最後の頚椎 (C7) の亜脱臼の最初の兆候は、可動性障害、瞳孔の収縮、部分的な眼瞼下垂を伴う腕と肩の灼熱感やしびれとして現れることがあります。他の症状は C6 亜脱臼と同じです。

前軸を中心とした頸椎の回転による頸椎の回転亜脱臼については、次の出版物で詳しく説明されています。環状筋の回転亜脱臼

首を曲げたときに椎骨の関節突起が滑るが、首を曲げると正常な位置に戻る場合、いわゆる習慣性頚椎亜脱臼と診断されます。記事で詳しく読む -習慣性環軸関節亜脱臼

頸椎の​​不安定性とその変形は、慢性関節リウマチによってしばしば複雑になります。慢性関節リウマチでは、一部の患者は、ほとんどの場合、環軸前部の頸椎の長期にわたる亜脱臼を起こし、首と後頭部に激しい痛みを引き起こします。頭。 [5]

合併症とその結果

頸椎亜脱臼の合併症と影響には次のものがあります。

  • 頚椎の神経の圧迫、特に後頭神経、および後頭神経痛の発症 - 頭の片側または両側の痛み、灼熱感、またはズキズキする痛み、眼窩の痛み、光に対する過敏性の増加、耳の後ろの痛み。
  • 原因不明の呼吸困難を伴う横隔膜神経損傷。起座呼吸(水平姿勢で起こる呼吸困難)。不眠症と日中の眠気の増加。朝の頭痛、倦怠感、再発する肺炎。
  • 急性、亜急性、または慢性脊髄圧迫 感覚異常、感覚喪失および手の痙性麻痺、四肢麻痺、四肢麻痺および十字性麻痺(下肢の関与が最小限または全くない上肢の両側麻痺)を伴う。
  • 椎骨動脈の閉塞性損傷。次のような症状が現れます。椎骨動脈症候群;
  • 頸椎の​​側弯症の発症。

新生児の頸椎の亜脱臼は、脊柱管の狭窄や神経障害、特に手足の麻痺や麻痺、あるいは症状の兆候を伴う脊髄の圧迫を引き起こす可能性があります。新生児の脳虚血 - 大きな椎骨動脈の圧迫によるもの。 [6]

診断 頸椎亜脱臼

既往歴、患者の検査、患者の訴えの記録、および椎骨関節の視覚化により、頸椎亜脱臼の診断が可能になります。

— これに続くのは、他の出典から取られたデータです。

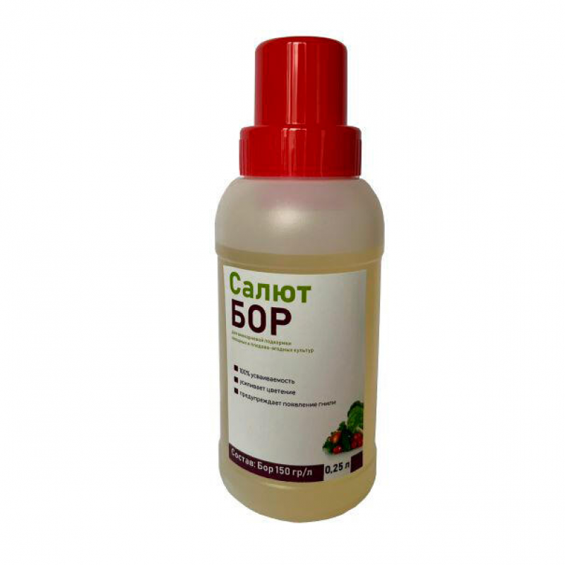Удобрение Салют Бор — это жидкое минеральное удобрение в форме водного концентрата, предназначенное для листовой подкормки растений. Содержит бор (150 г/л) и азот, что особенно важно для двудольных культур, включая плодово-ягодные растения. Бор играет ключевую роль в репродуктивных процессах: усиливает рост пыльцевых трубок и прорастание пыльцы, увеличивает количество цветков и плодов, а также способствует оттоку сахаров из листьев к репродуктивным органам. Растения нуждаются в боре на всех этапах роста, что делает это удобрение универсальным для поддержания их здоровья и продуктивности. Произведено в Беларуси брендом Агросемпродукт, фасовка — 0,25 л.

機器診断は以下を使用して実行されます。頸椎のX線写真 (脊椎測定パラメータの決定を伴う);コンピューターまたは磁気共鳴画像法、椎骨動脈血管造影法、筋電図検査。詳細については、「」を参照してください。 -脊椎検査の方法

診断に不可欠な部分は、運動能力の低下、反射神経の低下のレベル、および付随する症状の存在を特定することによる患者の神経学的評価です。ゴーナー症候群

鑑別診断には、椎体椎弓根(硬い骨の円筒形の突起とその背面部分)の欠如に伴う頚椎骨折、脱臼、仮性脱臼、および同様の臨床像を持つ他の疾患(たとえば、神経を伴う神経痛)が含まれます。歯根衝突(頸部骨軟骨症および変形性関節症を伴うことがある)、結核性脊椎炎、迷路血管脊椎形成症候群など。 [7]

何を調べる必要がありますか?

処理 頸椎亜脱臼

主な治療方法は、整形外科用器具(グリッソンループや、頸椎の信頼性の高い外固定と安定化のためのより最新の器具であるハロー骨格固定)を使用して、段階的に牽引(牽引)することにより、頸椎の亜脱臼を矯正することです。

リシェ・ギューター法、ガードナー・ウェル牽引法(バネ仕掛けの張力装置を使用)、ハロー・グラビティ牽引法に従って牽引を行い、その後、一定期間固定用頸椎装具を着用する必要があります。

頸椎を屈曲する際に追加の牽引力を生み出す、テンショナーハンドルとひずみゲージを備えたシンハル牽引ベッドもあります。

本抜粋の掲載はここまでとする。